» Stored items:
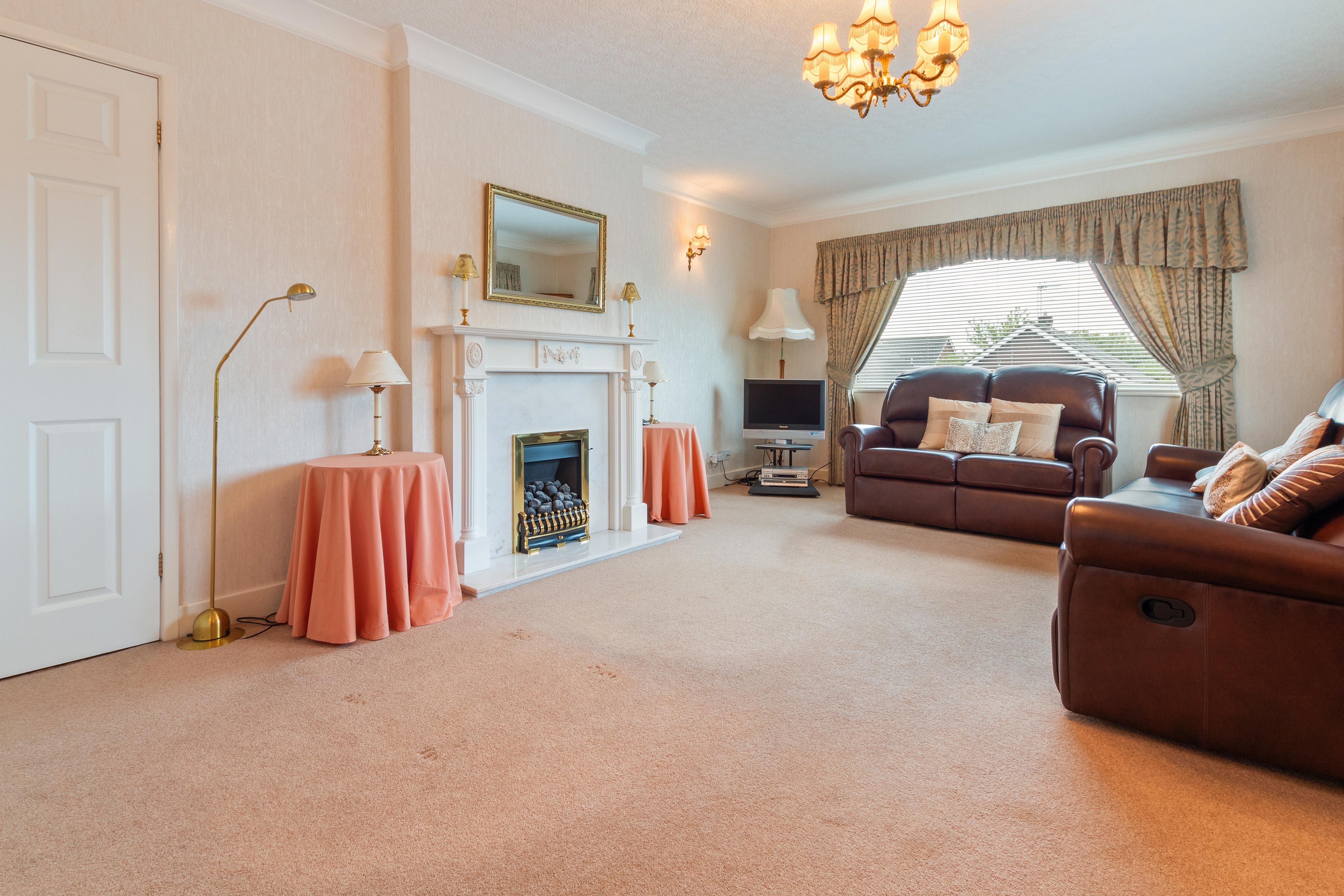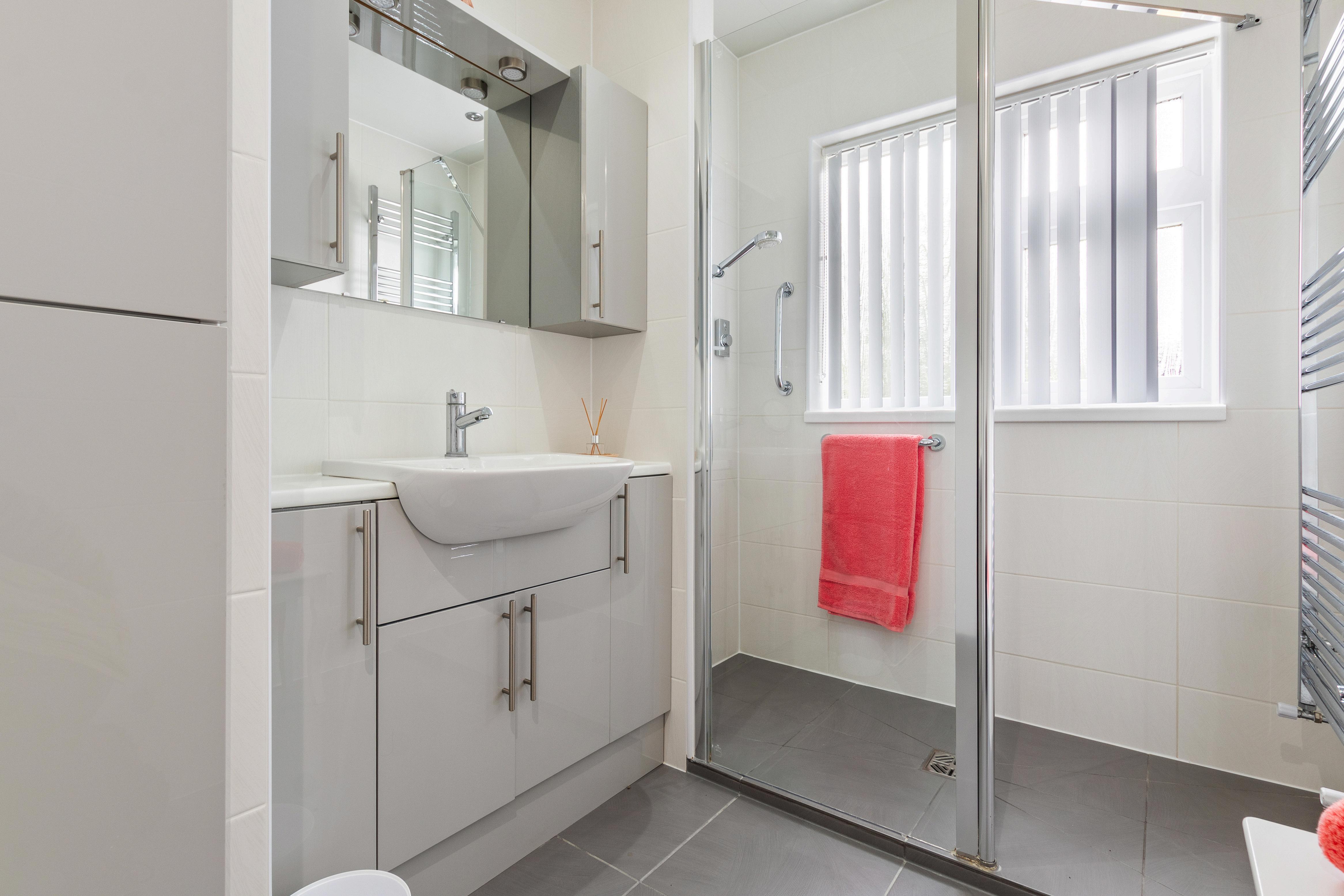 The entrance door opens into a welcoming light and airy hallway and leads into the generous dual aspect lounge with a feature fireplace. Off the central hallway is a fitted breakfast kitchen that benefits from a range of base and wall mounted units, a built-in oven, hob with an extractor fan above, and an integrated fridge and freezer. Flowing seamlessly from the hall is the rear facing master bedroom that is currently utilised as a dining room by the current owner, a front aspect double bedroom that is complimented with fitted wardrobes and a third generous bedroom to the rear. All are served by the modern shower room with a walk-in shower cubicle, a vanity hand wash basin. A handy separate cloakroom houses a low-level flush W.C.
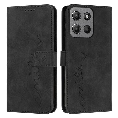 Funda de Piel con Relieve de Corazón para Motorola Moto G15 con Cordón Largo (Negro)
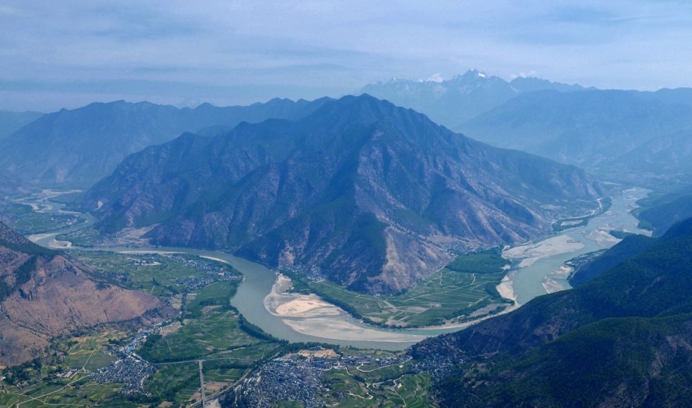 直升机航拍长江第一湾。(丽江融媒记者 和玉松 摄)
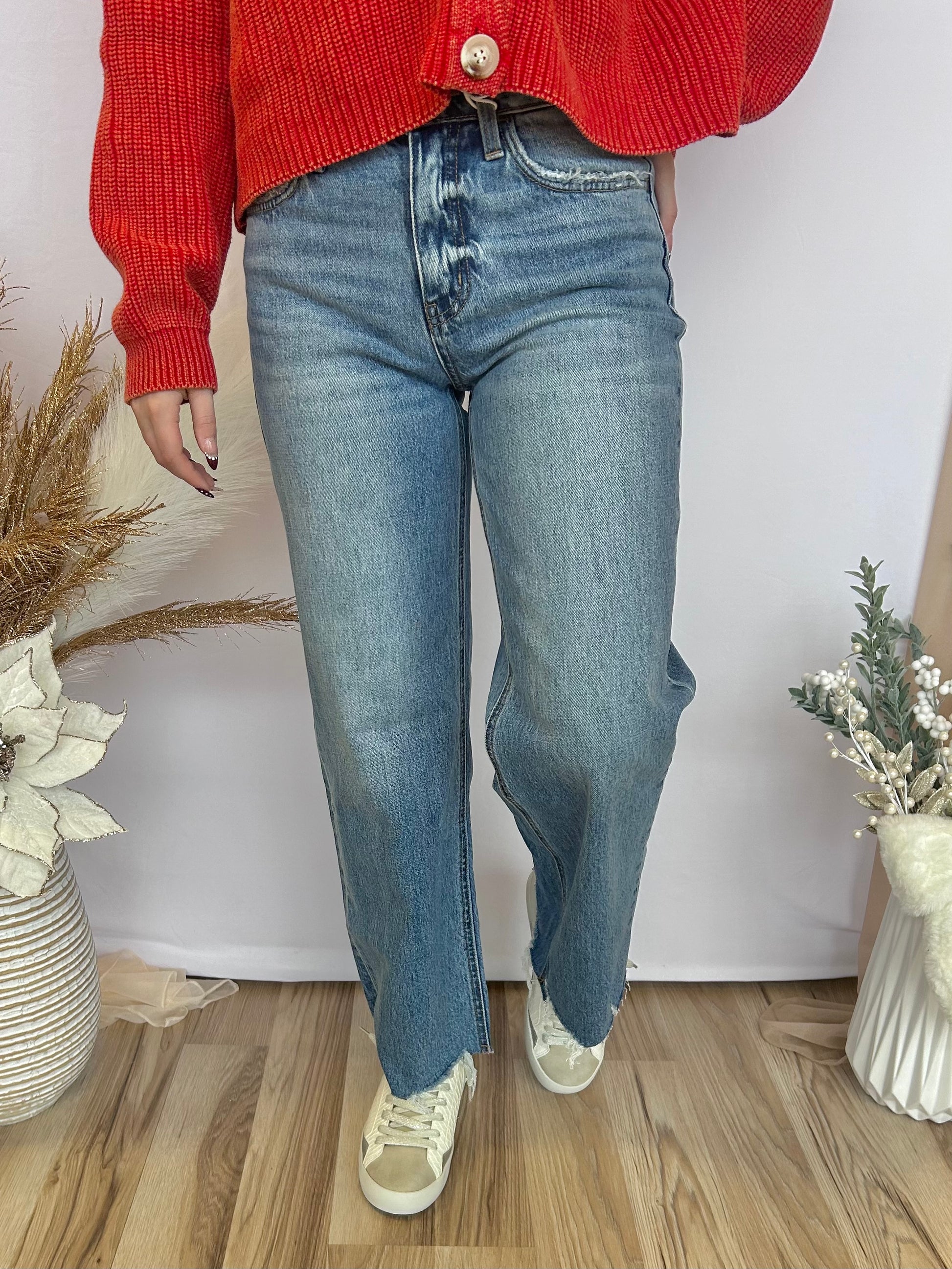 The elevated waistline flatters while the premium fabric moves with you, blending fearless style with everyday wearability. DESTRUCTION, ANKLE LENGTH, MEDIUM WASH, WIDE JEANS
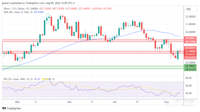 如果银价不能稳定在27.20-2.750美元阻力位上方,则将向最近的低点26.50美元附近移动。
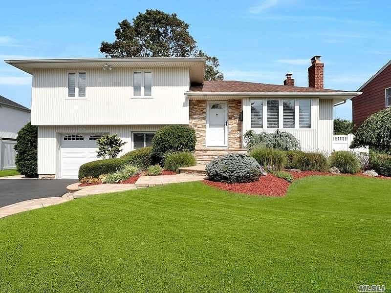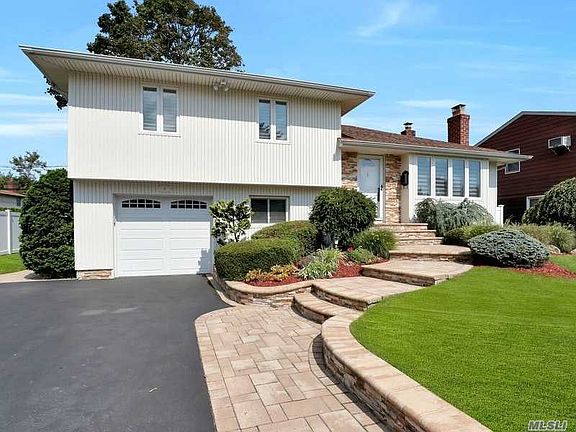 Diamond split in the heart of Plainview with amazing curb appeal- enhanced with a sleek stone & vinyl facade! Open concept kitchen with custom cabinets and granite countertops with an Anderson sliding door to decking. Mirage flooring, updated baths, wood burning fireplace in living room, cozy den, Crown moldings, Hunter Douglas shades, custom closets, new CAC, IGS and a finished basement!! This gem will not last! Low taxes of $13,271.99 with STAR.
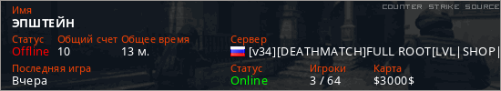 Последний раз был в сети Вчера Игрок с таким ником замечен на 3 серверах
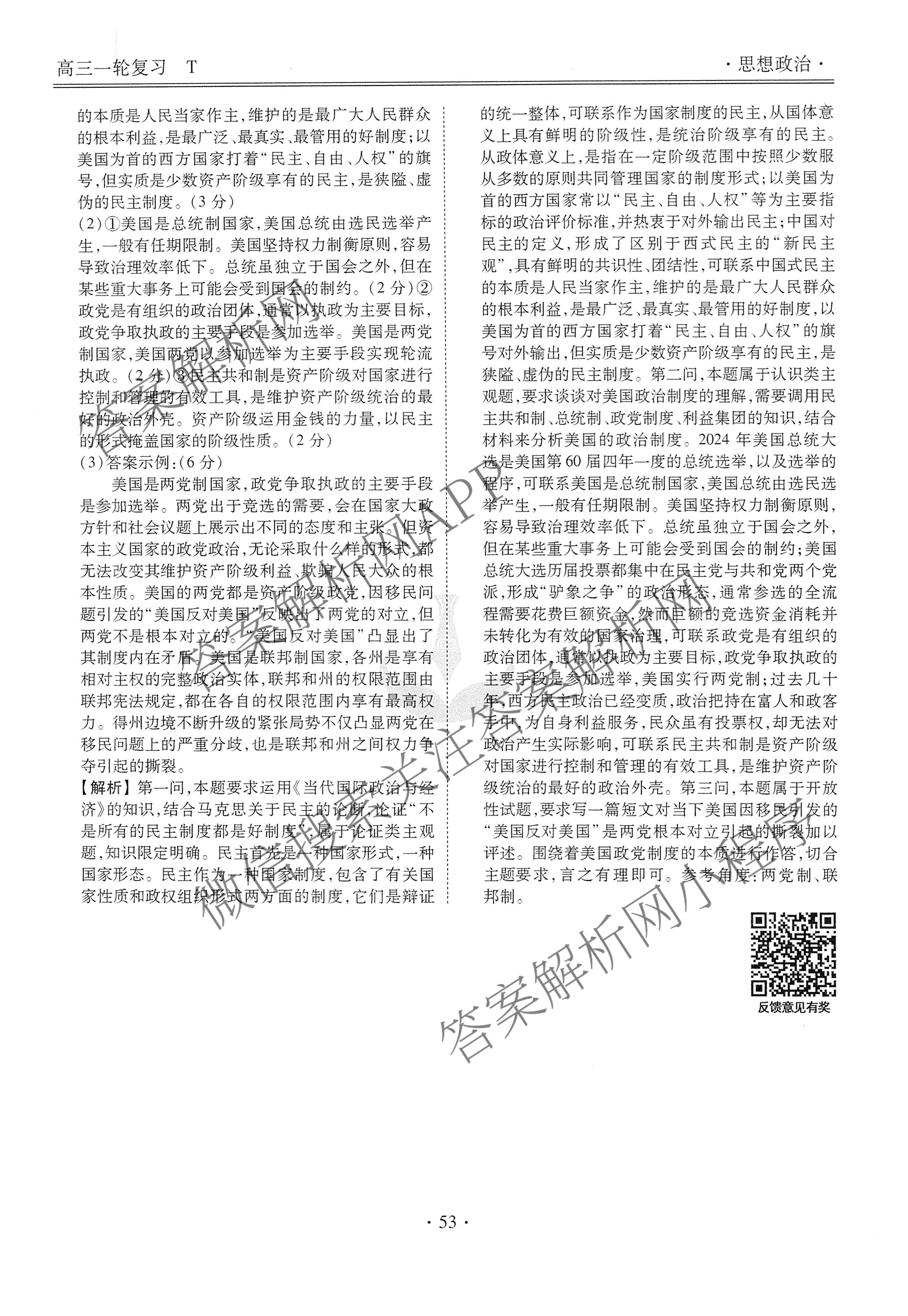 2025-2026衡水金卷先享题高三一轮复习单元检测卷(十一)11政治(T)答案

» YOUR OBJECTIVE: From the first line of the records down through the line containing "Funda de Piel", transcribe exactly those lines and no others, both ends kept, pictures dropped.

» TASK OUTPUT:
 The entrance door opens into a welcoming light and airy hallway and leads into the generous dual aspect lounge with a feature fireplace. Off the central hallway is a fitted breakfast kitchen that benefits from a range of base and wall mounted units, a built-in oven, hob with an extractor fan above, and an integrated fridge and freezer. Flowing seamlessly from the hall is the rear facing master bedroom that is currently utilised as a dining room by the current owner, a front aspect double bedroom that is complimented with fitted wardrobes and a third generous bedroom to the rear. All are served by the modern shower room with a walk-in shower cubicle, a vanity hand wash basin. A handy separate cloakroom houses a low-level flush W.C.
 Funda de Piel con Relieve de Corazón para Motorola Moto G15 con Cordón Largo (Negro)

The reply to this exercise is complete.